Video and Technology Projects
“With you” 2019
This piece started out as just the painting on burlap. While adding layer after layer I started to become more aware of the texture of the burlap. I found myself really interested in how rough and at times sharpe it felt on my hand. Once, when I just was staring at it tapped to my closet door a car drove by throwing the light around the painting in all directions. That was when it hit me that what surrounds the painting needs to transformative. Originally thinking a simple video of some kind to interact with painting. In the background of working on this I was getting my feet wet with the projection mapping software Madmapper. While experimenting with this software I began exploring its interactive capabilities. I knew at that point I could make the painting come alive.
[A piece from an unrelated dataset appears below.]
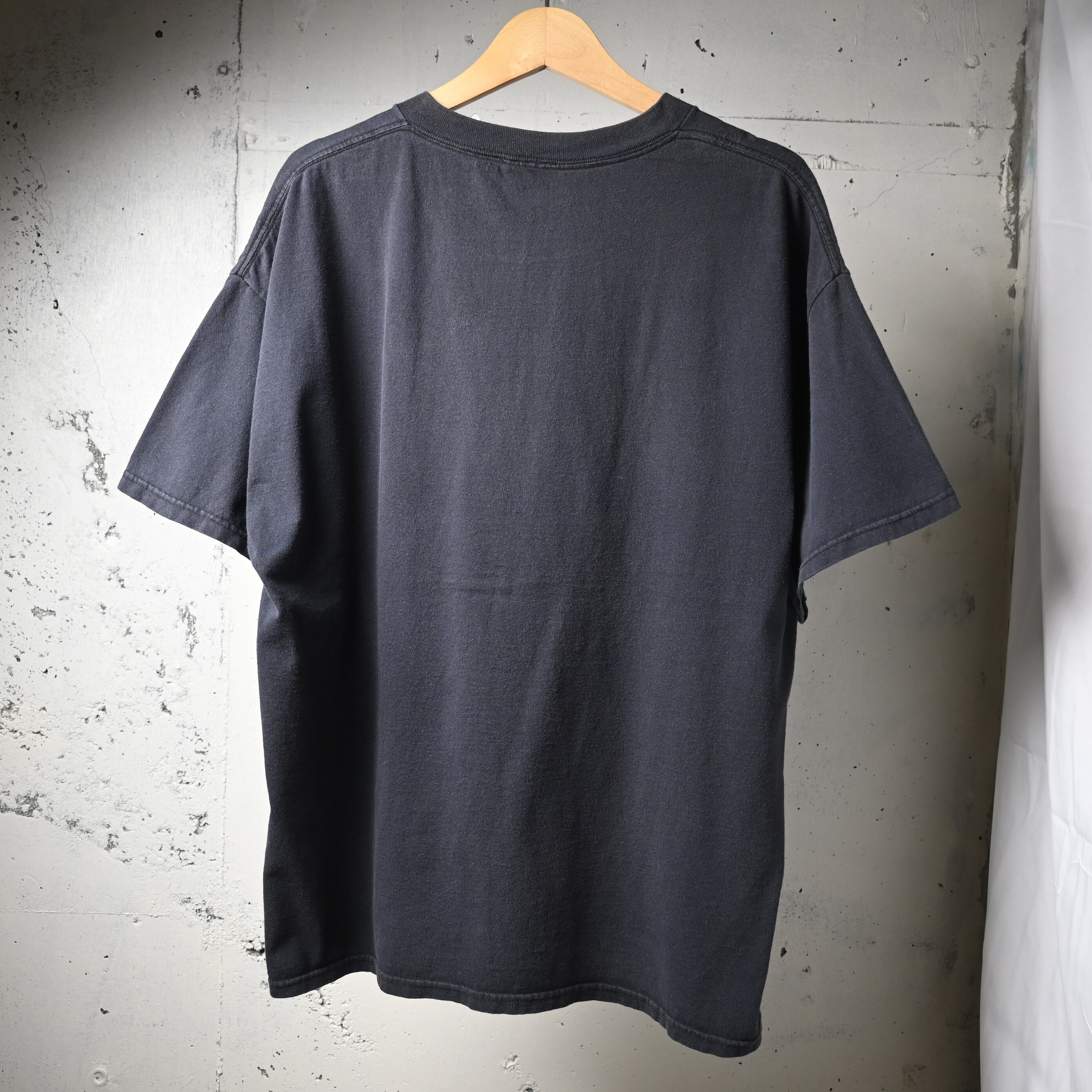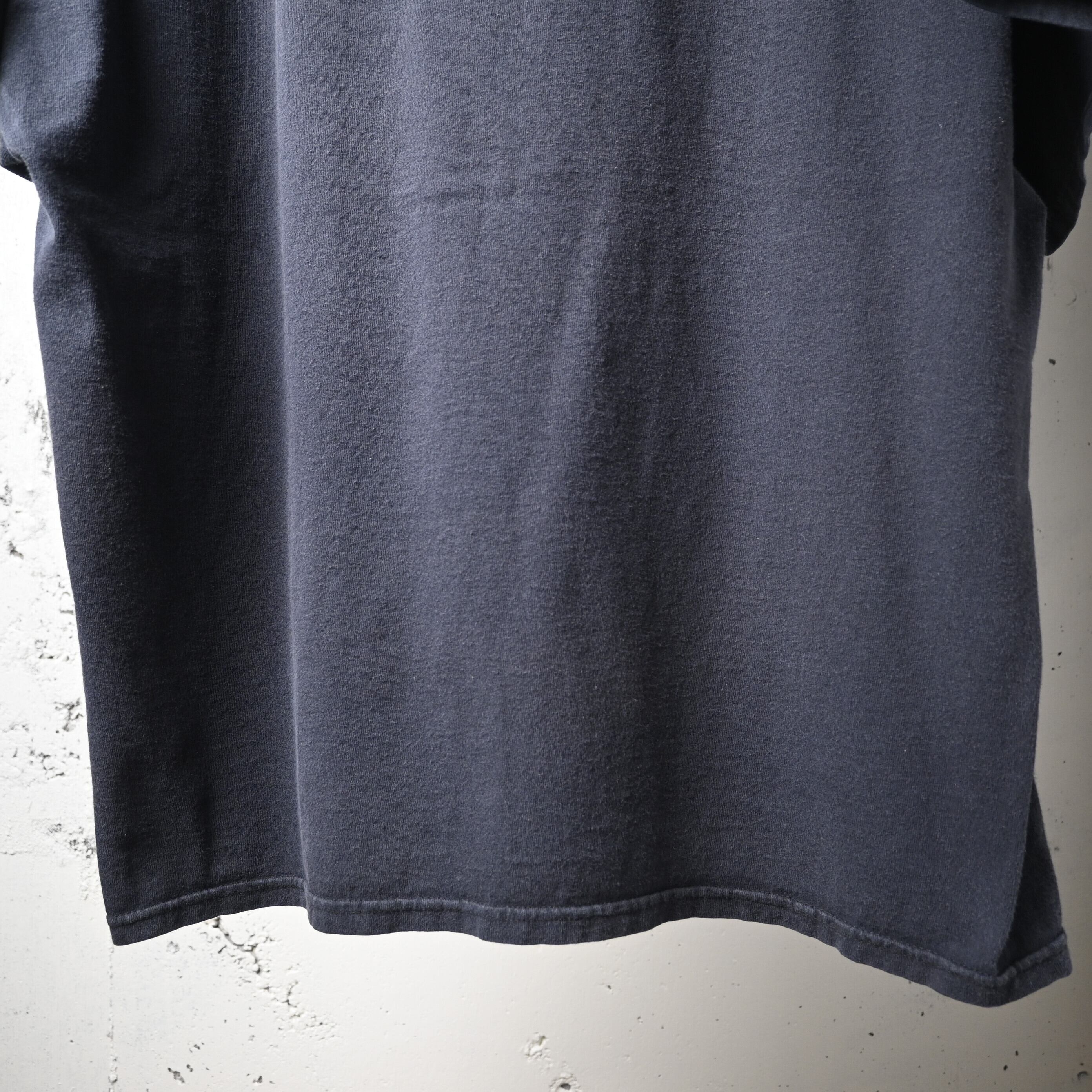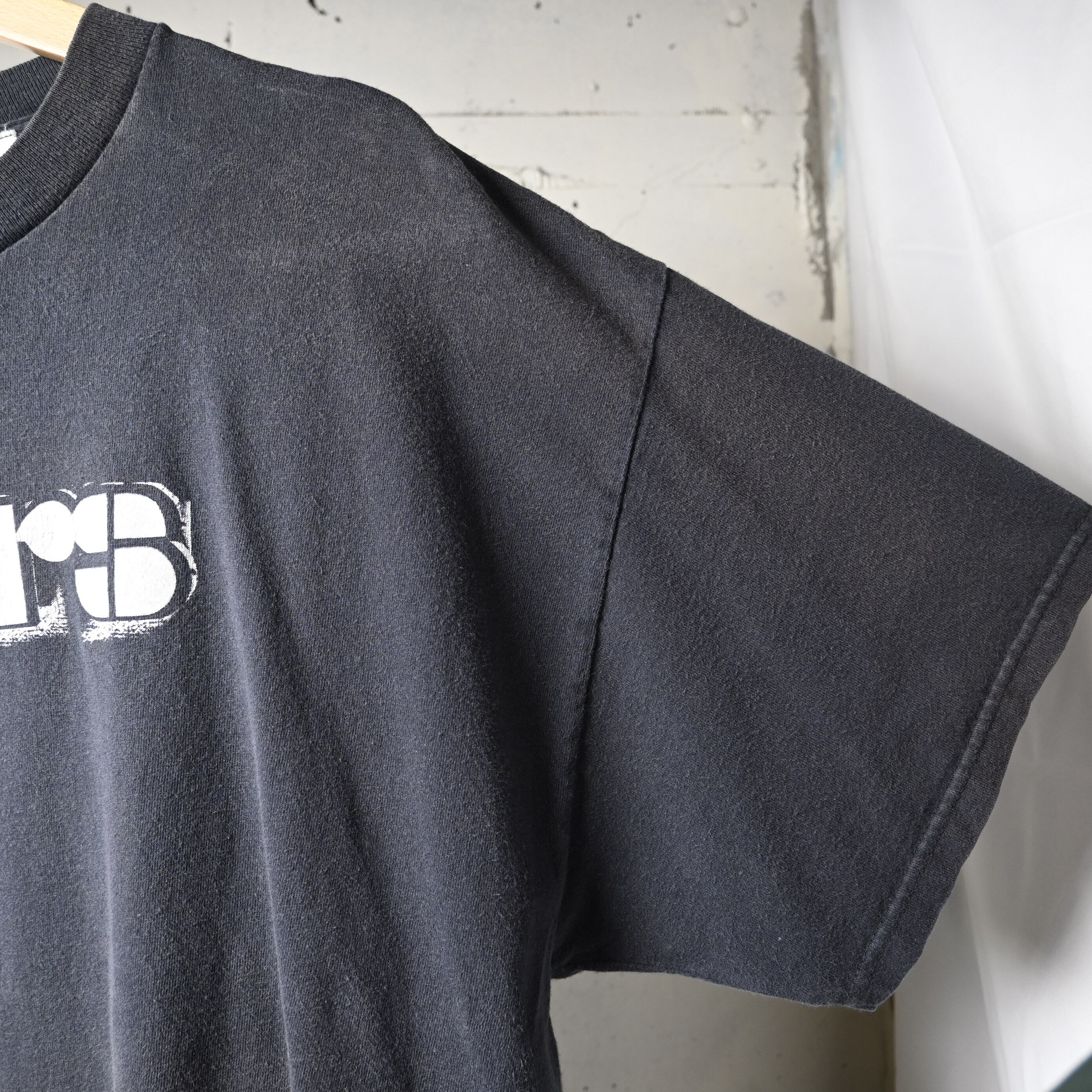 派手なグラフィックではなくロゴ主体なので、デニム、軍パン、スラックスまで幅広く合わせやすく、インナー使いでも主張しすぎないバランスです。フェードしたブラックの色味も含めて、古着らしい空気感が楽しめます。
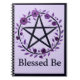 This whimsical notebook features a lovely purple and black floral pentacle with the text Blessed Be printed underneath in bold font. Finished in a mixed media art print.

I attached sensors to the back of the painting and using a transmitter to send the signal to a computer allowed the two videos to change in real time as the viewer touches the painting.
“Looking Glass” 2017
In the fall of 2017 I found myself with a 16mm projector and being throughly seduced by the nostalgia of it as an object. I knew I wanted to incorporate it but did not know how. Using it for what it is supposed to do seemed too simple and straight forward. While doing something else in my studio I walked by it with a magnifying glass and noticed how the light could easily break the parameters of the image space. This bounced around my head awhile tell I decided to shoot some 16mm film (which I had never done before). To my surprise, the footage was properly exposed and when I loaded the film and focused the projector something much more interesting than I ever expected happened. Looking back it seems obvious that it would make a camera obscura but at the time it blew me away. I fixed the magnifying glass lens so that it would not move around and focused the image through the second lens. It flipped and reversed the image but it was sharpe and readable. This piece was exhibited at the Abington Art Center in North Philadelphia.